In a broad sense, a restriction of the Laplace operator to the space of functions satisfying (in some sense) homogeneous Dirichlet boundary conditions. For an open set $\Omega$ in ${\bf R} ^ { n }$, the Dirichlet Laplacian is usually defined via the Friedrichs extension procedure. Namely, first consider the (negative) Laplace operator $- \Delta$ defined on the subspace $C _ { 0 } ^ { \infty } ( \Omega ) \subset L _ { 2 } ( \Omega )$ of all infinitely smooth functions with compact support in $\Omega$. This is a symmetric operator, and the associated quadratic form (with the same domain $C _ { 0 } ^ { \infty } ( \Omega )$) is given by the Dirichlet integral

\begin{equation} \tag{a1} E ( f ) = \int _ { \Omega } | \nabla f | ^ { 2 } d x. \end{equation}

Then the form $E$ is closeable with respect to the norm

\begin{equation*} \left( E ( f ) + \| f \| _ { L _ { 2 } ( \Omega ) } \right) ^ { 1 / 2 }. \end{equation*}

The domain of its closure $\tilde { E }$ is the Sobolev space $H _ { 0 } ^ { 1 } ( \Omega ) = W _ { 0 } ^ { 1,2 } ( \Omega )$. Then $\tilde { E }$ (given again by the right-hand side of (a1)) is the quadratic form of a non-negative self-adjoint operator (denoted by $- \Delta _ { \operatorname{Dir} }$); moreover,

\begin{equation*} \operatorname { Dom } \left( ( - \Delta _ { \text{Dir} } ) ^ { 1 / 2 } \right) = \operatorname { Dom } ( \tilde{E} ) = H _ { 0 } ^ { 1 } ( \Omega ). \end{equation*}

The operator $\Delta_{\operatorname{ Dir}}$ (sometimes taken with the minus sign) is called the Dirichlet Laplacian (in the weak sense).

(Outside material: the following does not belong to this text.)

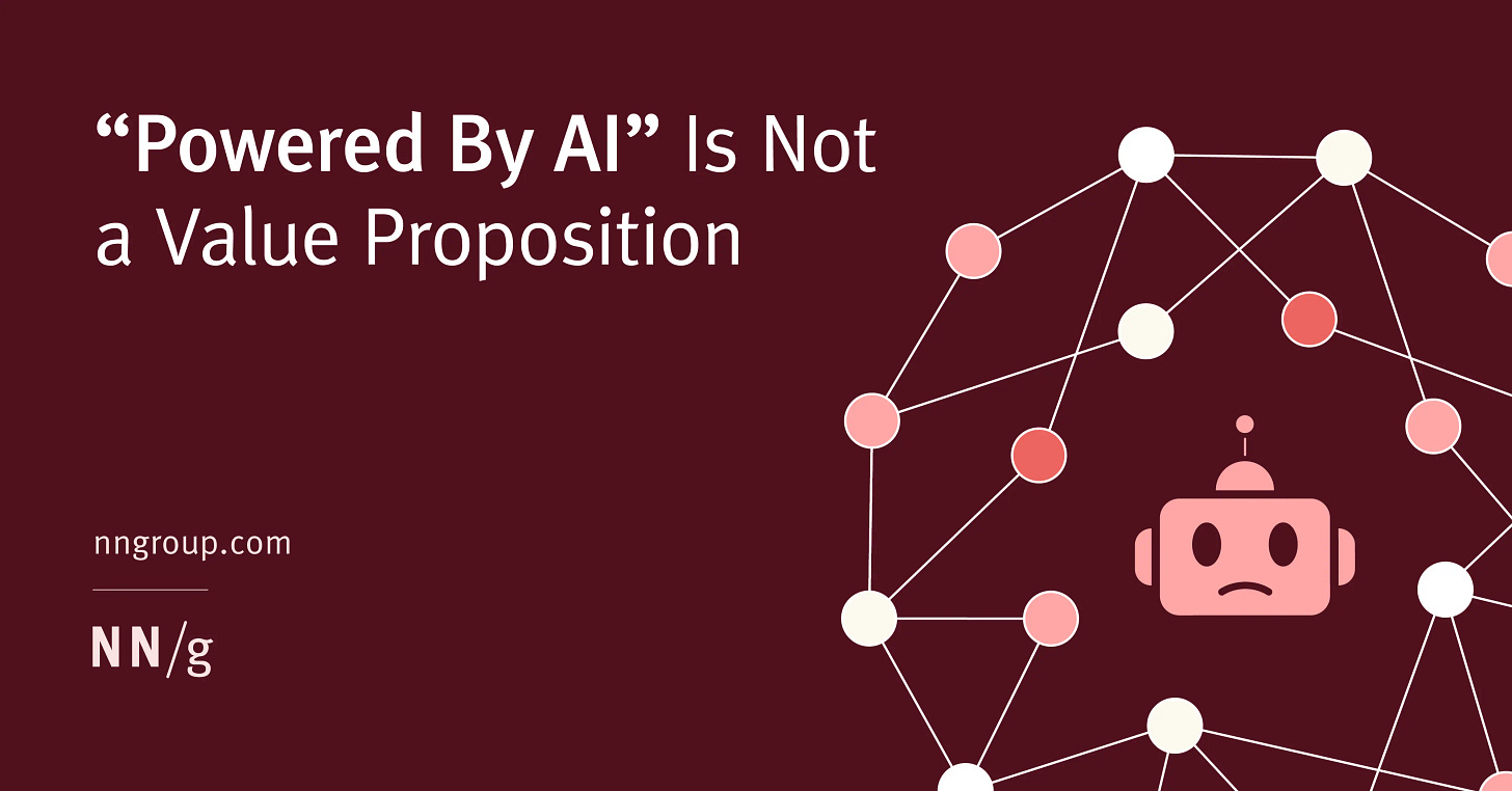 NNGroup explained why it is important to start creating a product by defining a value proposition, why it should shape the product's functions, and why the presence of AI alone cannot be the main value of the product.

If $\Omega$ is bounded domain with boundary $\partial \Omega$ of class $C ^ { 2 }$, then

\begin{equation*} \operatorname{Dom} ( - \Delta_{\text{ Dir}} ) = H _ { 0 } ^ { 1 } ( \Omega ) \bigcap H ^ { 2 } ( \Omega ). \end{equation*}

The Dirichlet Laplacian for a compact Riemannian manifold with boundary is defined similarly.

For a bounded open set $\Omega$ in ${\bf R} ^ { n }$, $- \Delta _ { \operatorname{Dir} }$ is a positive unbounded linear operator in $L _ { 2 } ( \Omega )$ with a discrete spectrum (cf. also Spectrum of an operator). Its eigenvalues $0 < \lambda _ { 1 } \leq \lambda _ { 2 } \leq \ldots$ (written in increasing order with account of multiplicity) can be found using the Rayleigh–Ritz variational formula (or max-min formula)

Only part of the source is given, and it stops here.